October 13, 2009 · · archive: txp/article

Tacoma City Council Meeting - Oct. 13th, 2009

This evening’s Tacoma City Council meeting is now done. What happened? The hotels are imposing a new levy on themselves. The Council had their first opportunity to look at the city-wide smoking ban in parks. We expected a bit more vocal opposition to this one. Maybe next week … Here are our notes:

CONSENT AGENDA

RESOLUTIONS
Resolution No. 37883 sets Tuesday, October 27, 2009, at approximately 5:30 p.m., as the date for a public hearing by the City Council on the proposed ten-year franchise with Comcast of Tacoma, Inc., and Comcast of Puget Sound, Inc., to provide cable services in the City of Tacoma.

Resolution No. 37884 sets Tuesday, October 27, 2009, at approximately 5:30 p.m., as the date for a public hearing by the City Council on the proposed ten-year agreement with the Department of Public Utilities, Light Division, d.b.a.
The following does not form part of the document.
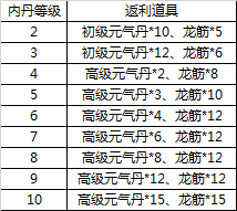 活动规则:活动期间,在刷新内丹重铸系统每消费800元宝即可获得高级元气丹*3奖励!
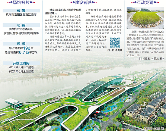 上图中蜿蜒的鹅卵石小道,位于富阳水上运动中心空中花园的步道边,是场馆“绿色运行”的秘密武器。你能猜到它有什么作用吗?欢迎扫描本文二维码,以留言方式参与互动竞猜。我们将从答对的读者中随机抽取5名幸运儿,每人送出纪念品一份。

Click! Network, to provide cable services in the City of Tacoma.

Resolution No. 37885 approves the final plat of “Junett Street Townhomes,” a 15-lot subdivision located at 4504 South Junett Street and 3002 and 3008 South 45th Street.

REGULAR AGENDA

APPOINTMENTS
Resolution No. 37887 appoints and reappoints individuals to the Tacoma Arts Commission.
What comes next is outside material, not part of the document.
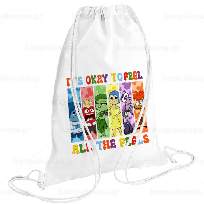 Inside Out It's Okay To Feel All The Feels , Backpack pouch GYMBAG white (28x40cm)

  • Reappointing Donald Lacky for a term to expire December 31,2012.
  • Reappointing Sarah Idstrom for a term to expire December 31,2012.
  • Appointing Antonio Edwards Jr. for a term to expire December 31,2012.
  • Appointing Jana Wennstrom for a term to expire February 9, 2011.
  • Appointing Dane Meyer for a term to expire March 5, 2011.

RESOLUTIONS
Purchase Resolution No. 37888 awards a contract to Northrop Grumman Information Technology, Inc., in the amount of $332,241, plus sales tax, budgeted from the Fire Special Revenue Fund and the EMS Special Revenue Fund, for expert professional computer services to migrate and upgrade the Fire Department’s Computer Aided Dispatch System (CADS) to two new Hewlett Packard Integrity Series Application Servers.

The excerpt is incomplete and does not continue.